• THE RECORDS:
=======

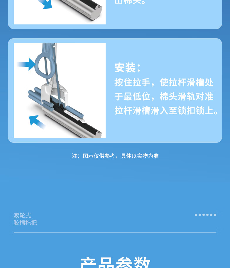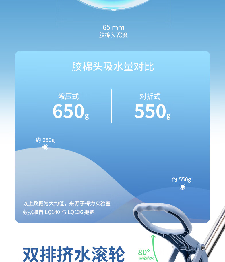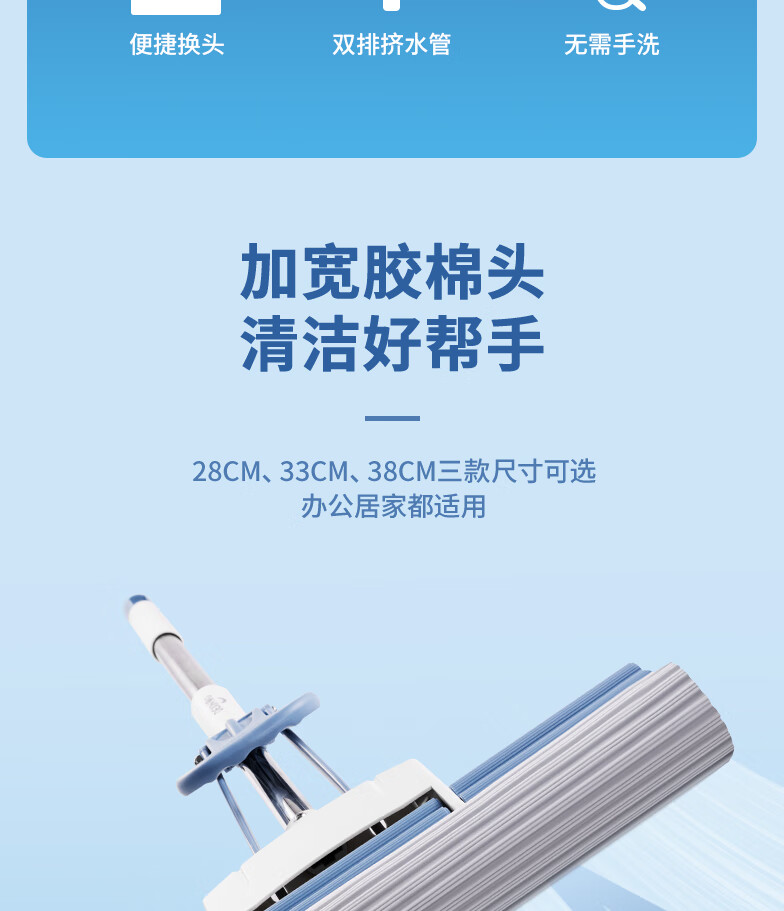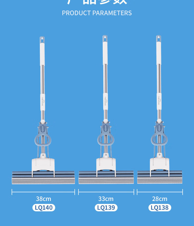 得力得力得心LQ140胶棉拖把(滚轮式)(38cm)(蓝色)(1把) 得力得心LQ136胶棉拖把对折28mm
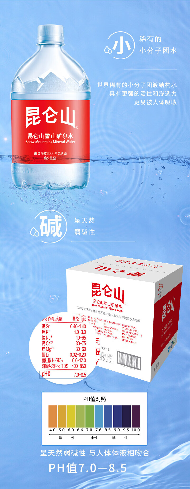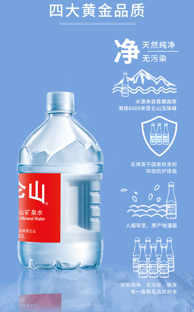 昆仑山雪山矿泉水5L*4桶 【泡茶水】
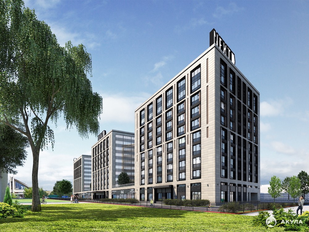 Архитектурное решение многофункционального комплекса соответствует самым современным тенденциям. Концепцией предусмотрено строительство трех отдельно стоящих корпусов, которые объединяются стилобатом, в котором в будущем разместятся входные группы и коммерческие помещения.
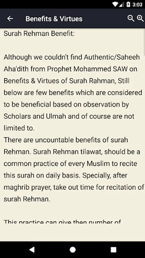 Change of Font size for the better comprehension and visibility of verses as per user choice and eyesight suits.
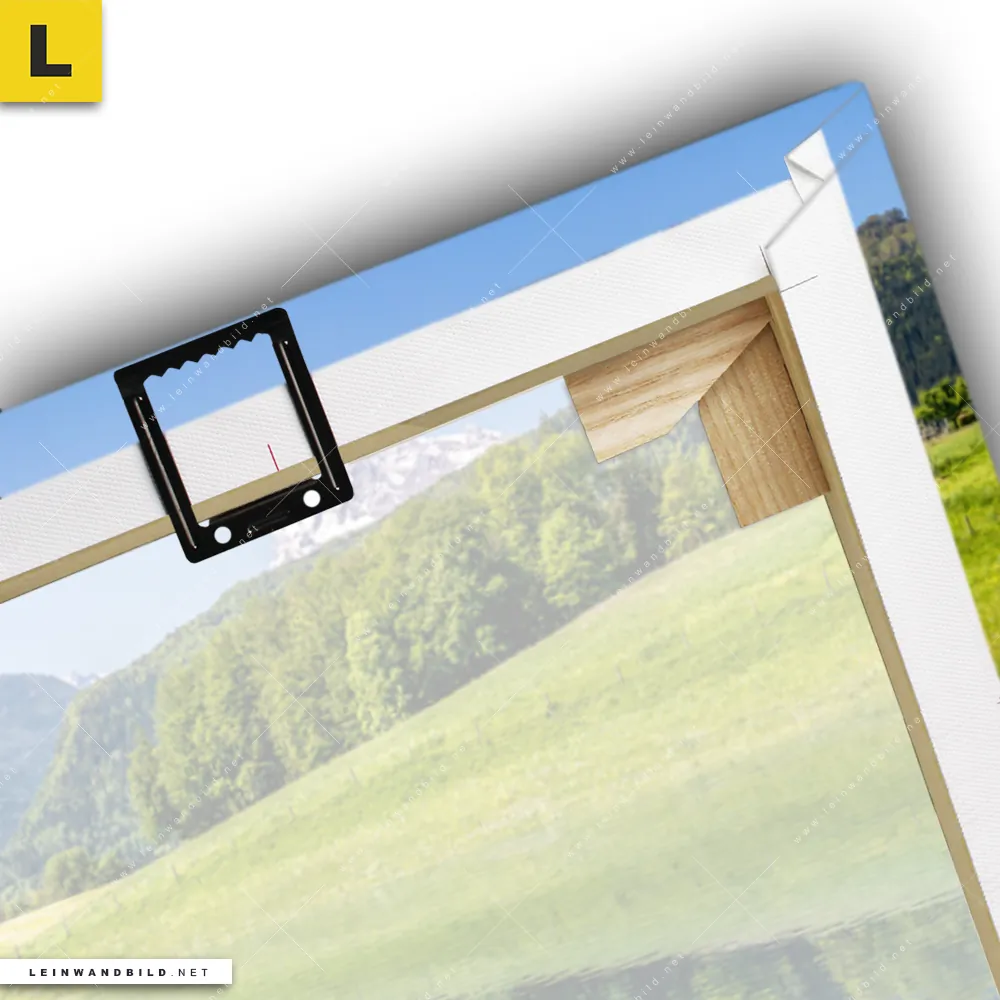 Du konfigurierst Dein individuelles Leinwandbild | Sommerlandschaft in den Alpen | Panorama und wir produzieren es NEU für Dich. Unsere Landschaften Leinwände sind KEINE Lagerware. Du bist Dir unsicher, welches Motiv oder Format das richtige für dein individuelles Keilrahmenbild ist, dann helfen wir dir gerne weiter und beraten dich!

=======

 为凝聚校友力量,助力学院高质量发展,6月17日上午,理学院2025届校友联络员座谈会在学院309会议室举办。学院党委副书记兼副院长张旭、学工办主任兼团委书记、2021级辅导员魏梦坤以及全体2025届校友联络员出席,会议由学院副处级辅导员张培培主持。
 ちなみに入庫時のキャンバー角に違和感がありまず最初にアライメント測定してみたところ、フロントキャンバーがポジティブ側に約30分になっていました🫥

=======

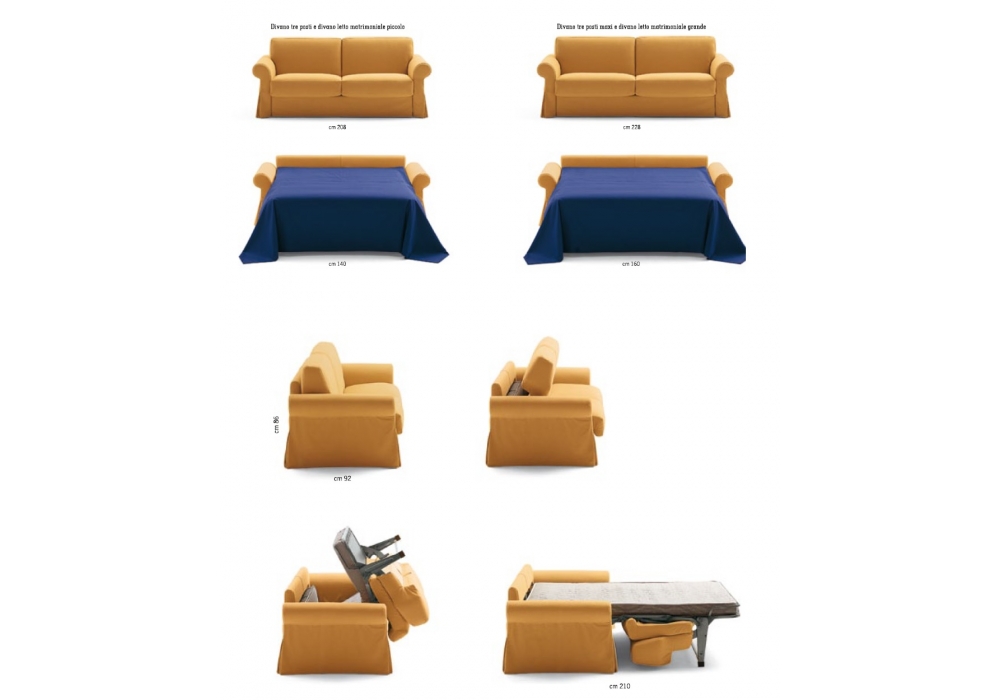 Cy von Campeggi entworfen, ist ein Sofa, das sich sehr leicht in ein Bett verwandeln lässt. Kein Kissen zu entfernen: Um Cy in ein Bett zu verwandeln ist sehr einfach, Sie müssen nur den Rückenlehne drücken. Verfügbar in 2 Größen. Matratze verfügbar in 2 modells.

=======

• WHAT IS REQUIRED:
Find the line with "得力得力得心LQ140胶棉拖" in the data above, and from there retype each line exactly through the line with "昆仑山雪山矿泉水5L*4桶 【泡茶水】", skipping the pictures along the way.

• COMPLETED EXERCISE:
 得力得力得心LQ140胶棉拖把(滚轮式)(38cm)(蓝色)(1把) 得力得心LQ136胶棉拖把对折28mm
 昆仑山雪山矿泉水5L*4桶 【泡茶水】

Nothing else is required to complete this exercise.